While this week brought scattered showers and some heavier thunderstorms across parts of the region, it wasn’t enough to end the continuing danger of wildfires in the region. “The danger will continue until we get some significant measurable rainfall,” said Langeberg. At this point, fire conditions will vary day-to-day, said Langeberg, depending on precipitation, relative humidity, and wind. Humidity is especially key. “When humidity drops below 25 percent, fires can move quickly,” she said.

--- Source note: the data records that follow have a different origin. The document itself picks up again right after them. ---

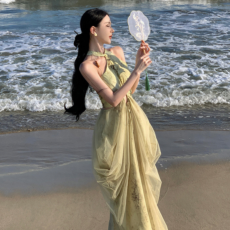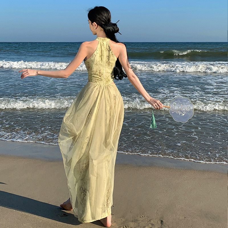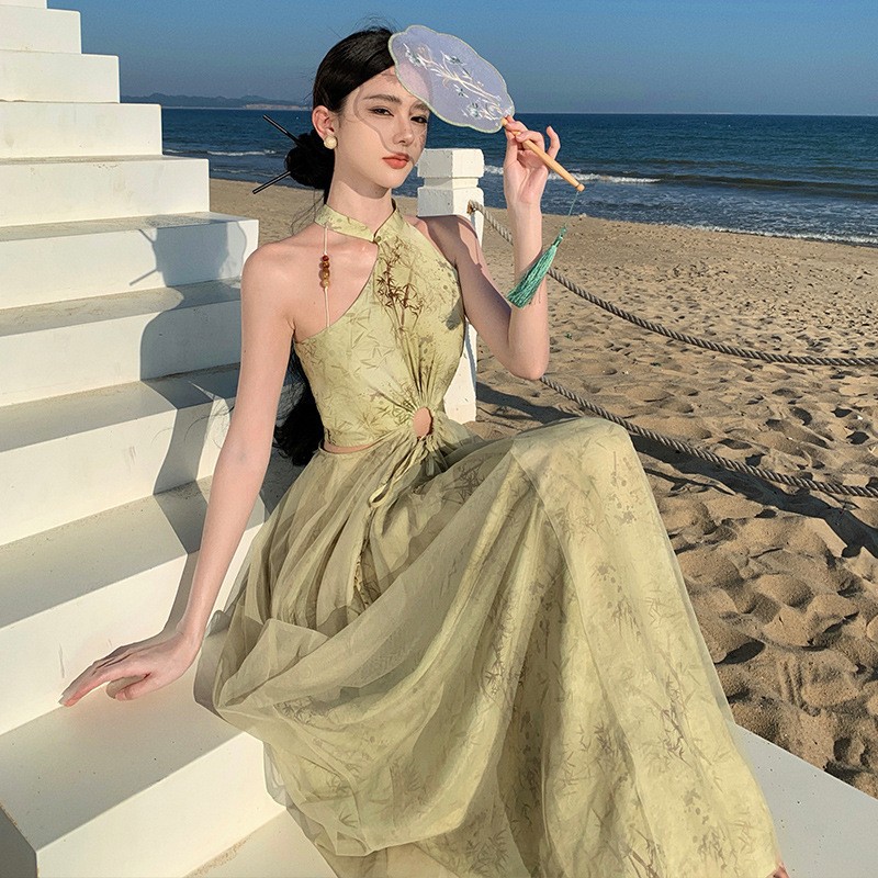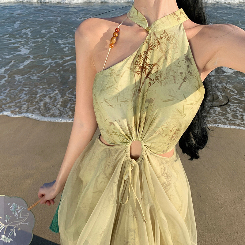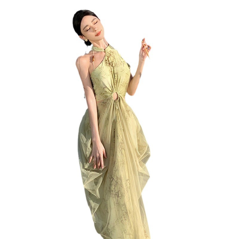竹叶青·清冷新中式网纱竹子晕染镂空挂脖连衣裙夏女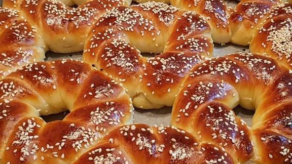 4. Mayalanan hamurdan cevizden biraz büyük bezeler ayırın. Bu bezeleri tezgahta rulo biçimine getirin. Ardından iki tane ruloyu birbirine sarın ve uç kısımlarını birleştirerek döndürün. Bu işlemi bütün bezeler bitene kadar tekrarlayın.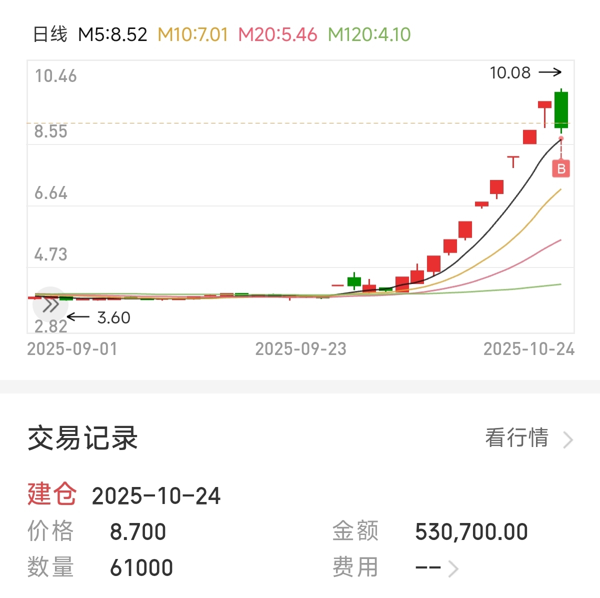 今日:大有能源(地板进)昨日:新莱应材(今日最高7个点)模式内低吸介入,4个点以

The conditions are becoming reminiscent of 2021, when fires burned tens of thousands of acres in the region during an extended drought. Langeberg said the area began the season this year with more soil moisture than during 2021, which is helping for now. The area isn’t currently in drought even though rainfall is running considerably below average. Most reporting stations in northern St. Louis County are reporting barely an inch of precipitation in May, or about a third of normal for the month. Extended outlooks for the first half of June show a continuing trend of above normal temperatures and below normal precipitation.
Dropping river levels
The building precipitation deficit is being seen in plummeting river levels in parts of the region. The flow of the Little Fork River is highly dependent on recent precipitation and its level has dropped remarkably since the flooding experienced in late April and early May. As of Monday, the river’s flow had fallen from 2,070 cubic feet per second (cfs) to just 655 cfs, which puts the river in the low-flow category. Other area rivers have seen less dramatic declines in water levels but all are trending downward. It remains to be seen if that trend is reversed by heavy rain that hit parts of the area during thunderstorms Tuesday night. That rain has at least temporarily eased fire conditions as well.